-
Notifications
You must be signed in to change notification settings - Fork 73
Description
I experienced this working with postgres. If you don't use timeout_seconds then it's possible for two processes to get deadlocked against each other and get stuck in a sleep-retry loop forever.
You can reproduce this by opening up two rails consoles and running these two transactions:
# In console 1
ApplicationRecord.transaction do
ApplicationRecord.with_advisory_lock("lock_test_a", transaction: true)
pp "sleeping"
sleep(3)
pp "waking up"
ApplicationRecord.with_advisory_lock("lock_test_b", transaction: true)
"success"
end
# In console 2
ApplicationRecord.transaction do
ApplicationRecord.with_advisory_lock("lock_test_b", transaction: true)
pp "sleeping"
sleep(3)
pp "waking up"
ApplicationRecord.with_advisory_lock("lock_test_a", transaction: true)
"success"
endThe only different between them is the lock strings are swapped, which is what creates the deadlock. The sleep(3) is there just so you have time to start the second command in time to create the deadlock.

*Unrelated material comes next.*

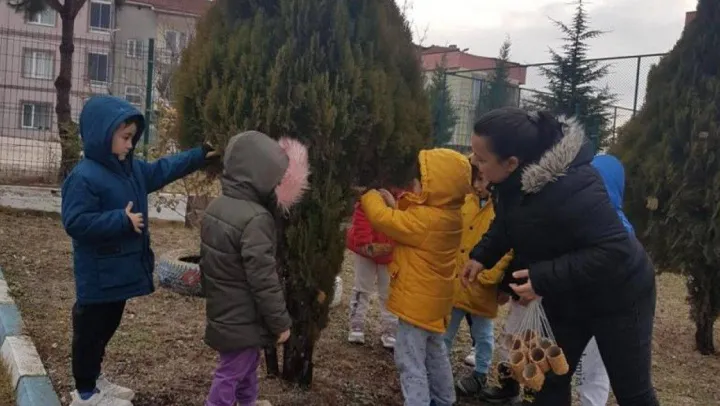 Anaokulu öğrencileri 'Dostlarımız kışın aç kalmasın' adlı projeleri ile sokak hayvanlarının mama ve su ihtiyacını karşıladı.

I have a few thoughts on ways to prevent this:
Add a global setting for timeout_seconds
Now that I know about this issue, I plan to use with_advisory_lock! with timeout_seconds everywhere. But it would be nice to be able to set timeout_seconds globally.
Add an option to not use try commands
Normally Postgres detects a deadlock and kills one of the queries (raising a PG::TRDeadlockDetected) allowing the other one to proceed. For example it does this with row-level locks, which you can see by running these two queries at the same time in two consoles:
# Console 1
User.transaction do
User.lock.find(1)
pp "sleeping"
sleep(3)
pp "waking up"
User.lock.find(2)
"success"
end
# Console 2
User.transaction do
User.lock.find(2)
pp "sleeping"
sleep(3)
pp "waking up"
User.lock.find(1)
"success"
endThis doesn't happen when you use with_advisory_lock because the try commands return immediately when they can't acquire the lock, and they don't actually create a true deadlock within postgres — instead the deadlock is created by the retry and sleep logic within with_advisory_lock in conjunction with the locks.
But if instead you use the non-try version of the locking functions, which will wait for the lock to be available rather than returning, then postgres will detect the deadlock and kill one of them, just as it does with the row-level locks above. You can test with this:
# Console 1
ApplicationRecord.transaction do
ApplicationRecord.connection.execute("SELECT pg_advisory_xact_lock(101,0)")
pp "sleeping"
sleep(3)
pp "waking up"
ApplicationRecord.connection.execute("SELECT pg_advisory_xact_lock(102,0)")
"success"
end
# Console 2
ApplicationRecord.transaction do
ApplicationRecord.connection.execute("SELECT pg_advisory_xact_lock(102,0)")
pp "sleeping"
sleep(3)
pp "waking up"
ApplicationRecord.connection.execute("SELECT pg_advisory_xact_lock(101,0)")
"success"
endI assume the idea with using try was to not tie up the postgres thread while waiting for the lock to be available, but this deadlock issue is a drawback of that approach.